Data:
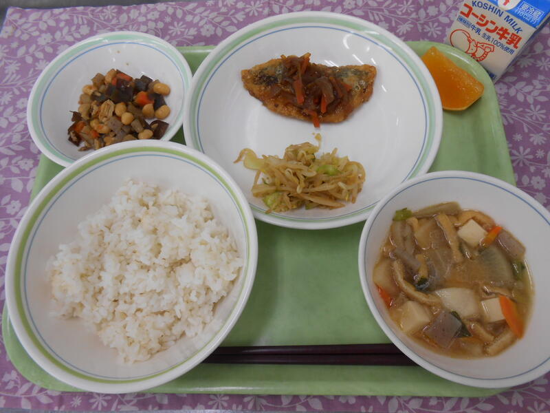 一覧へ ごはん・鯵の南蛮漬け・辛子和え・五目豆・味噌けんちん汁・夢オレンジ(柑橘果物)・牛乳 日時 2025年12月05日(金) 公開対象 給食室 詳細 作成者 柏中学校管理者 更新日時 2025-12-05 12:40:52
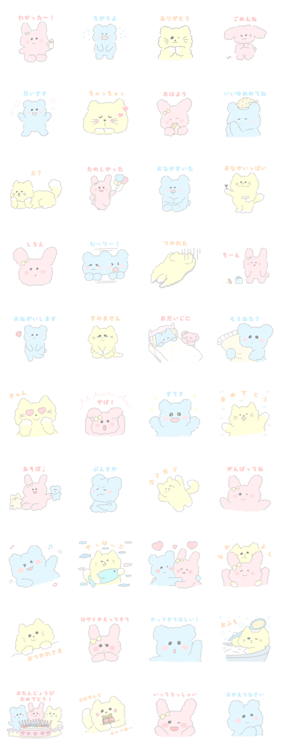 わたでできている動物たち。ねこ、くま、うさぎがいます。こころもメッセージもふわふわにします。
--
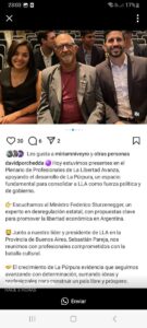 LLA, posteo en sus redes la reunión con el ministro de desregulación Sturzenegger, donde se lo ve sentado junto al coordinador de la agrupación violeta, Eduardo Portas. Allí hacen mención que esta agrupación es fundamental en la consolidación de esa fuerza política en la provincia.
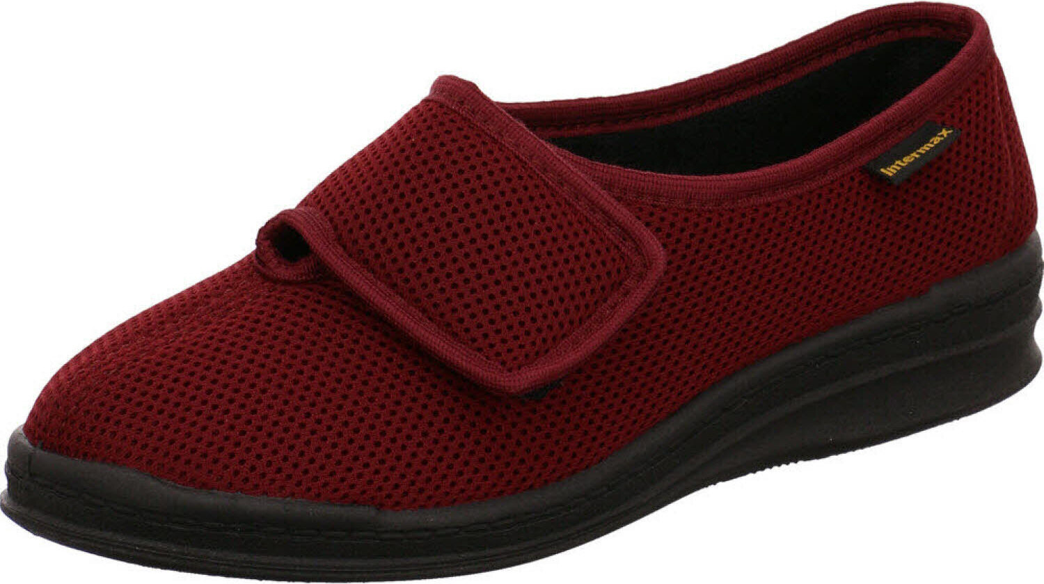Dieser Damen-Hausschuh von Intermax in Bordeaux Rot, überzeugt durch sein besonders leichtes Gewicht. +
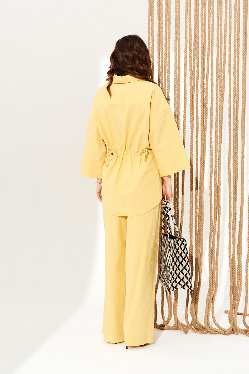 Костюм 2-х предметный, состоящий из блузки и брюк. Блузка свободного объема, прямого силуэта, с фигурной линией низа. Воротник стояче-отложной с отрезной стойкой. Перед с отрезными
--
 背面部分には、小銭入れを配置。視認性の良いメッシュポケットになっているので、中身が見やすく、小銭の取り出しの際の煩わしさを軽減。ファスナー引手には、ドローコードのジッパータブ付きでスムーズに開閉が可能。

Activity: What lines above run from the one with "一覧へ ごはん・鯵の南蛮漬け・辛子和え・五目豆・味噌けんちん汁・夢オレンジ(柑橘果物)・牛乳 日時" to the one with "わたでできている動物たち。ね"? Give them again exactly, ends included, and leave the pictures out.

Answer:
 一覧へ ごはん・鯵の南蛮漬け・辛子和え・五目豆・味噌けんちん汁・夢オレンジ(柑橘果物)・牛乳 日時 2025年12月05日(金) 公開対象 給食室 詳細 作成者 柏中学校管理者 更新日時 2025-12-05 12:40:52
 わたでできている動物たち。ねこ、くま、うさぎがいます。こころもメッセージもふわふわにします。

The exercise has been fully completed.